# [WHAT NEEDS TO BE DONE]
While you copy the lines below, skip the pictures and keep the rest exact.

# [RECORDED DATA]
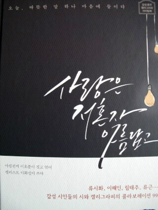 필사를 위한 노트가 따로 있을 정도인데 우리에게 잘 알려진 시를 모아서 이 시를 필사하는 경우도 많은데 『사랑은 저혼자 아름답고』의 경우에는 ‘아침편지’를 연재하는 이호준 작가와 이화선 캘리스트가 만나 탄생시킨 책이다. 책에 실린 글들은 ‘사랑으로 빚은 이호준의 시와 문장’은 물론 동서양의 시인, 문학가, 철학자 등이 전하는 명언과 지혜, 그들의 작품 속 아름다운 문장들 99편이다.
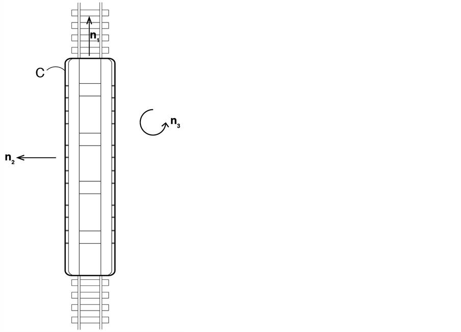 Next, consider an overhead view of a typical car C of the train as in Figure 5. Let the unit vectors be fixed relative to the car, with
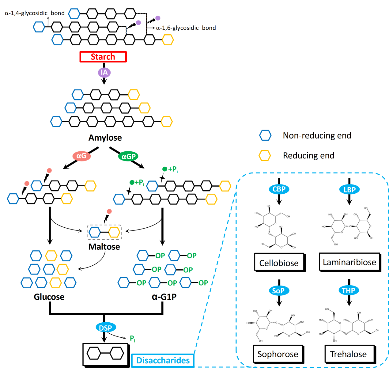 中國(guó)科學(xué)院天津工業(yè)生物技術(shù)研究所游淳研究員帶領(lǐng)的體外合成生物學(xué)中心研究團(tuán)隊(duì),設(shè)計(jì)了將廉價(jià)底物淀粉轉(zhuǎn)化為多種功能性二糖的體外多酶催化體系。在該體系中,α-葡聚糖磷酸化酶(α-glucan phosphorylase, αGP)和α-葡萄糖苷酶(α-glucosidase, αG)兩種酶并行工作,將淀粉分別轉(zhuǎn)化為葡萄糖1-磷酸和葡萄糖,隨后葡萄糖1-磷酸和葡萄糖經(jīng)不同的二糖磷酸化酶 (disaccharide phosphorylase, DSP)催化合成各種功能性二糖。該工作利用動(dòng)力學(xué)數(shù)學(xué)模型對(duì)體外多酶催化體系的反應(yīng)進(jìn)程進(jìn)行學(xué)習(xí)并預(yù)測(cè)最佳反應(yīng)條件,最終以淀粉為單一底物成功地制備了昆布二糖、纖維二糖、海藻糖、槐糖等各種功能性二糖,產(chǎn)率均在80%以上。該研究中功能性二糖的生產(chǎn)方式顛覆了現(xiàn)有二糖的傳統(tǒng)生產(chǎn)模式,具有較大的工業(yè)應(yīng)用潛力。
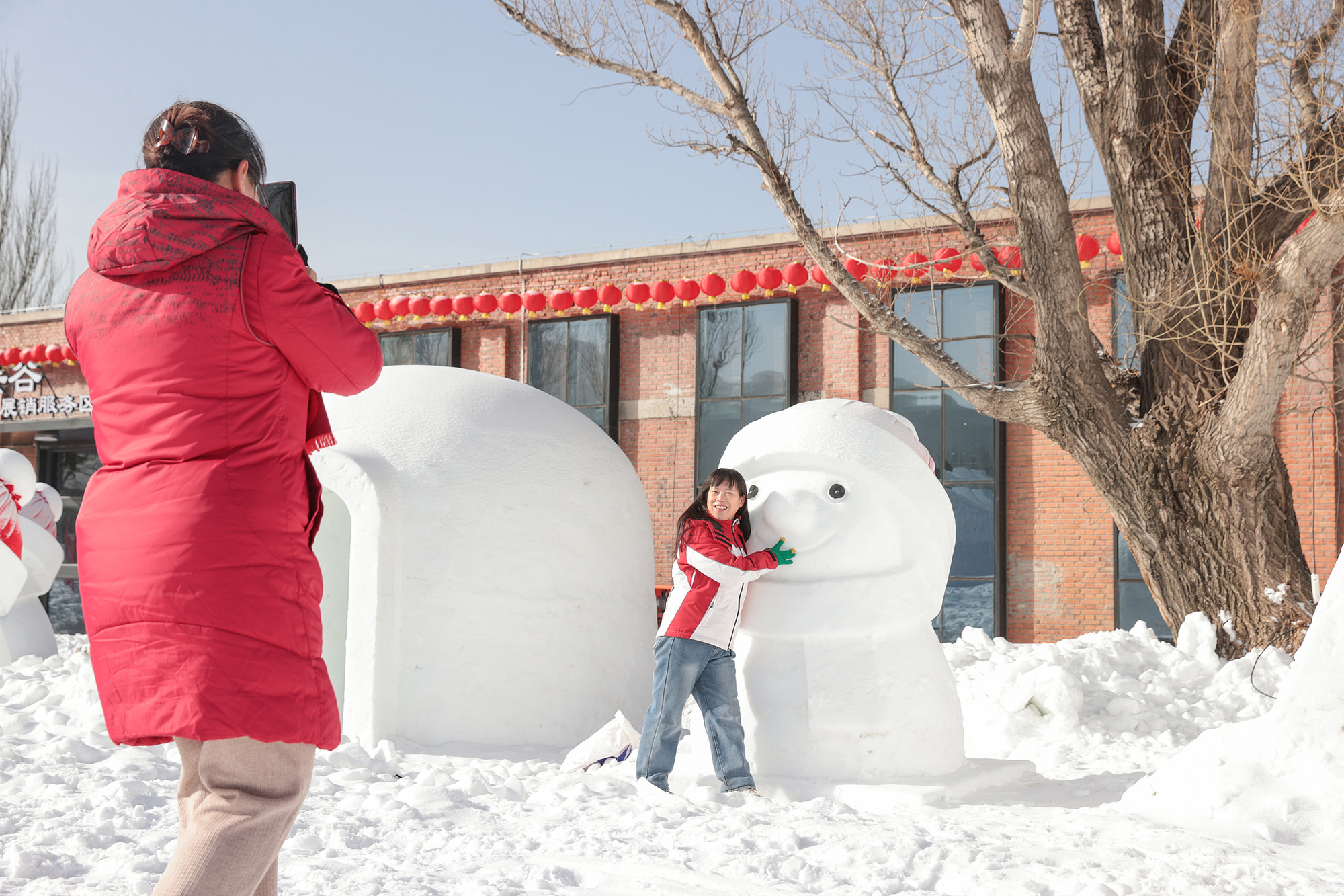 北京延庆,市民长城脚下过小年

# [ANSWER TO THIS EXERCISE]
 필사를 위한 노트가 따로 있을 정도인데 우리에게 잘 알려진 시를 모아서 이 시를 필사하는 경우도 많은데 『사랑은 저혼자 아름답고』의 경우에는 ‘아침편지’를 연재하는 이호준 작가와 이화선 캘리스트가 만나 탄생시킨 책이다. 책에 실린 글들은 ‘사랑으로 빚은 이호준의 시와 문장’은 물론 동서양의 시인, 문학가, 철학자 등이 전하는 명언과 지혜, 그들의 작품 속 아름다운 문장들 99편이다.
 Next, consider an overhead view of a typical car C of the train as in Figure 5. Let the unit vectors be fixed relative to the car, with
 中國(guó)科學(xué)院天津工業(yè)生物技術(shù)研究所游淳研究員帶領(lǐng)的體外合成生物學(xué)中心研究團(tuán)隊(duì),設(shè)計(jì)了將廉價(jià)底物淀粉轉(zhuǎn)化為多種功能性二糖的體外多酶催化體系。在該體系中,α-葡聚糖磷酸化酶(α-glucan phosphorylase, αGP)和α-葡萄糖苷酶(α-glucosidase, αG)兩種酶并行工作,將淀粉分別轉(zhuǎn)化為葡萄糖1-磷酸和葡萄糖,隨后葡萄糖1-磷酸和葡萄糖經(jīng)不同的二糖磷酸化酶 (disaccharide phosphorylase, DSP)催化合成各種功能性二糖。該工作利用動(dòng)力學(xué)數(shù)學(xué)模型對(duì)體外多酶催化體系的反應(yīng)進(jìn)程進(jìn)行學(xué)習(xí)并預(yù)測(cè)最佳反應(yīng)條件,最終以淀粉為單一底物成功地制備了昆布二糖、纖維二糖、海藻糖、槐糖等各種功能性二糖,產(chǎn)率均在80%以上。該研究中功能性二糖的生產(chǎn)方式顛覆了現(xiàn)有二糖的傳統(tǒng)生產(chǎn)模式,具有較大的工業(yè)應(yīng)用潛力。
 北京延庆,市民长城脚下过小年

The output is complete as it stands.